Montag, 21. Dezember 2009

Changing results with IIF hints

Recently we saw some strange effects with calculations using a conditional IIF-logic: the calculation should show the difference between two measures if the first measure is greater than 0:
IIF([Measures].[FirstMeasure]=0,NULL,
        ([Measures].[FirstMeasure]-[Measures].[SecondMeasure])
A query using the calculation returned the expected results for the [All]-node of a given hierarchy but wrong results for other levels. Since the given measures are involved in some scoped assignments we assumed an error in our logic, and were quite suprised when we discovered that a CASE-block returned the correct results:
CASE [Measures].[FirstMeasure] 
         WHEN 0 THEN NULL
         ELSE [Measures].[FirstMeasure]-[Measures].[SecondMeasure]
    END
Further research showed that IIF also brought the correct results when we used the eager hint in the calculation. The hint is a new feature in SSAS 2008 and documented here. The SQLCAT team explains the hint in the blog IIF Function Query Hints in SQL Server Analysis Services 2008:
the IIF mdx function is a commonly used expression that can be very costly to evaluate. It takes 3 arguments:

iif(< condition >, < then branch >, < else branch >)

Where the condition evaluates to true, the value from the “then branch” is used otherwise the “else branch” expression is used.

Note the term “used” – one or both branches may be evaluated even if its value is not used. It may be cheaper for the engine to evaluate the expression over the entire space and use it when needed (termed an eager plan) rather than chop up the space into a potentially enormous number of fragments and evaluate only where needed (a strict plan).

Apparently the different execution pathes can bring different results - and that is something I would not expect...

Freitag, 18. Dezember 2009

Subtotals for Named Sets

Although still in its infancy, named sets could really help you to satisfy your numerous customers ad-hoc aggregation requirements ...

... if they only would show sub-totals in excel and if you only could mount non-disjunct instances of those beasts one after the other.
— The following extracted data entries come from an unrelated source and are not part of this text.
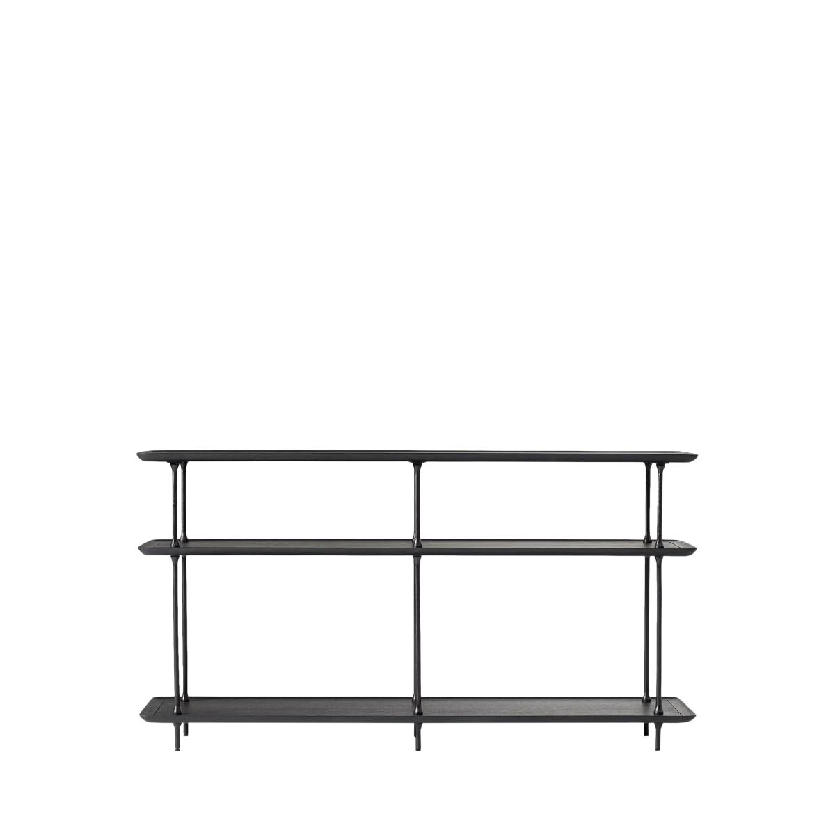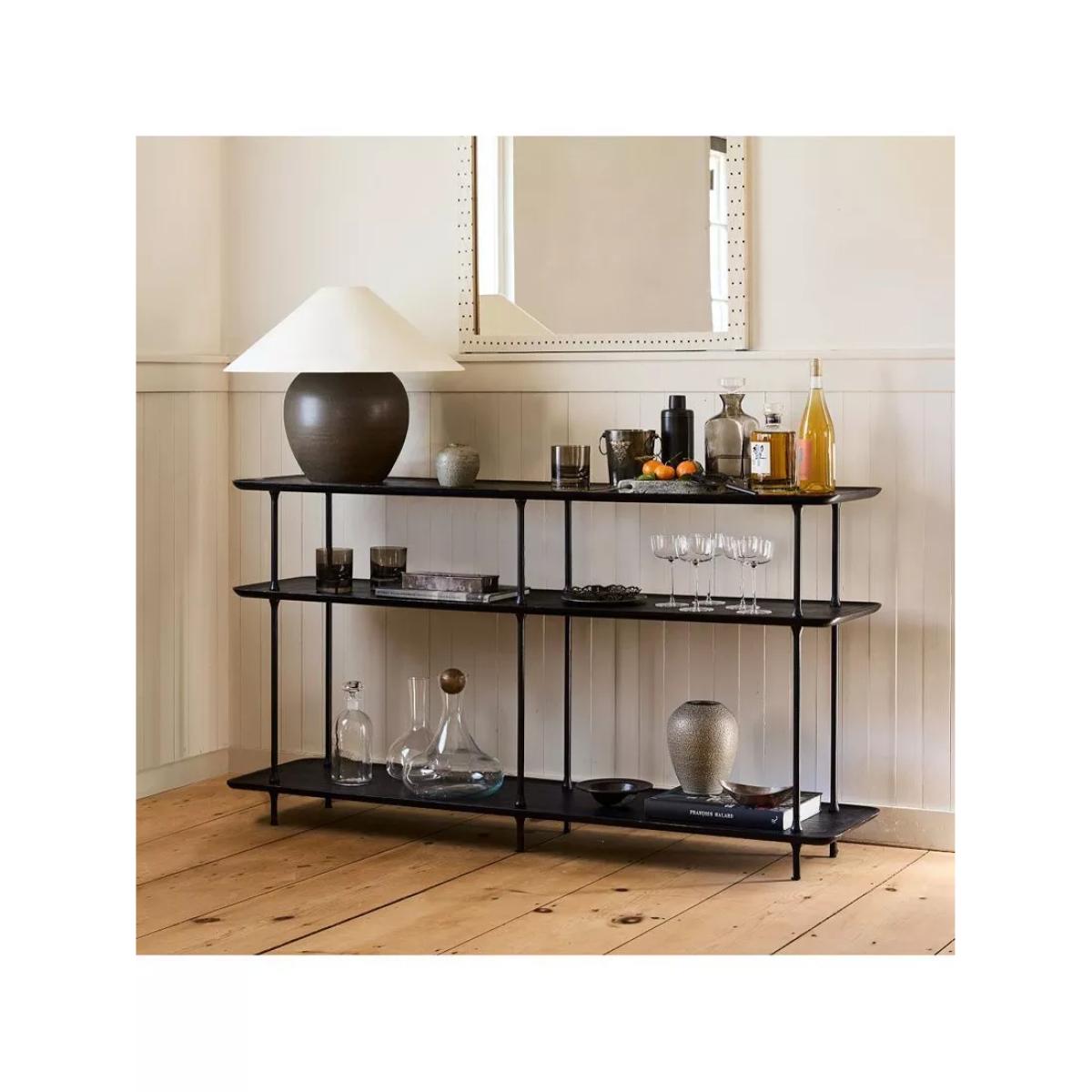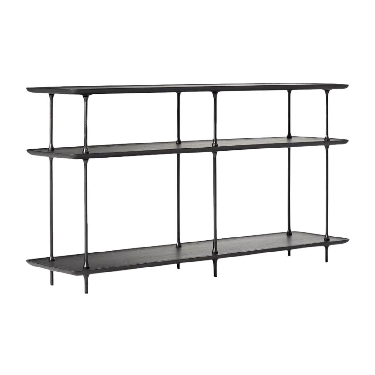 Heavily textured metal meets sculptural lines on the Sintra console table. Three shelves showcase glassware, ornaments and books. Make an impression: the sleek frame and open shelves look just right in an entryway or dining room Bold and broad: organic materials and a large-scale silhouette add presence to your space Handcrafted in a Fair Trade Certified™ factory, empowering workers who made it Three fixed solid and engineered wood shelves covered in a Black finish Metal legs covered in a Dark Bronze finish Hand-hammered design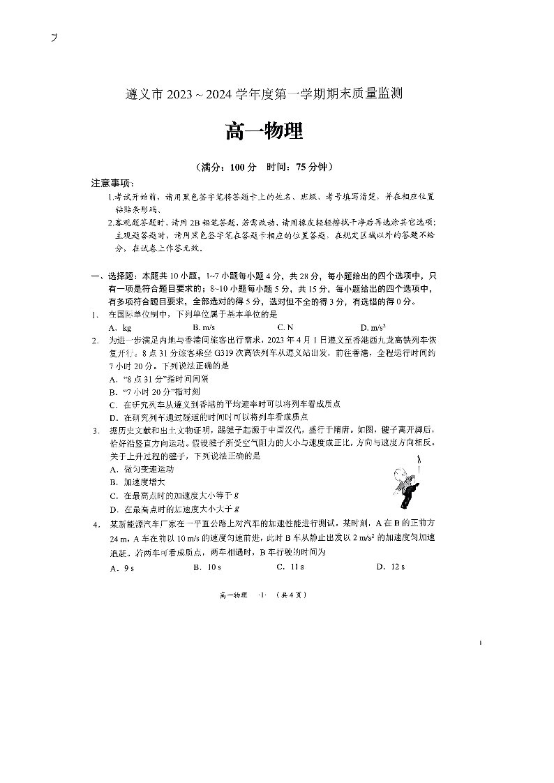 贵州省遵义市2023-2024学年高一上学期1月期末质量监测考试物理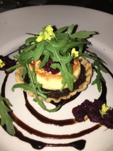 Having skipped lunch, I was the hungriest I’d been on my trip to Kenya, and my colleague had a bit of a scare owning to playing prawn roulette at dinner the preceding night, so we both chose starters: me a beetroot and goat cheese tartlet and him that African staple, spicy chicken wings (sarcasm). The tart was layered, with caramelized beets and onions lining the shell and crowned with goat cheese.
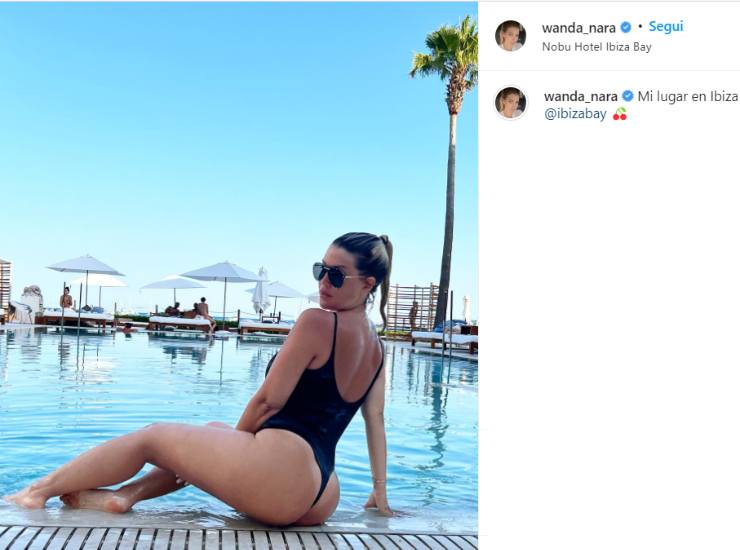 La Nara si sta godendo la “movida” di Ibiza, e sui social sono comparse le immagini della manager davvero scatenata in discoteca. Di giorni invece, tutto è dedicato al riposo, tra male e piscina. Nell’ultimo post pubblicato sulla sua pagina Wanda ha pubblicato un’immagine che la ritrae a bordo piscina. La Nara, di spalle, è sdraiata di schiena sul bordo della piscina e in modo sensuale guarda la camera.

Here is a tip that makes use of the implicit property of named sets to represent intersections when confronted with members of different levels from a common hierarchy.

In its extreme application, adding the [All] member to a set will deliver you a sub-total that is at the same time correctly named "Gesamtergebnis" or "Total" when displayed in excel.

Do not call a dimension attribute "DESCRIPTION"!

At least the Office Web Components (OWC) browser integrated into BI Development Studio and Management Studio will not show the values as a member property when the attribute (Name, not key nor translation) is called "DESCRIPTION".

Donnerstag, 17. Dezember 2009

Federating a Secondary SQL Server Data Source into a Primary-Oracle Data View

It is a common, though tricky, thing to host some, but not all of your analytical data that is to be fed into the cubeware of your trust in the nearby, type-consistent and easy-to-maintain SQL Server instance.

This methodology has also the nice side-effect that it will not give the .. say Oracle-minded ... datawarehouse people much to reason about such they will not get distracted from their ... um ... daily slee.., ah, work was the political correct term.

The idea will however bite you the first time you notice that you cannot mix dimensions and facts between two seperate Oracle/SQL Server data views. So you will read diverse blog entries trying to mix the two data sources within a single view.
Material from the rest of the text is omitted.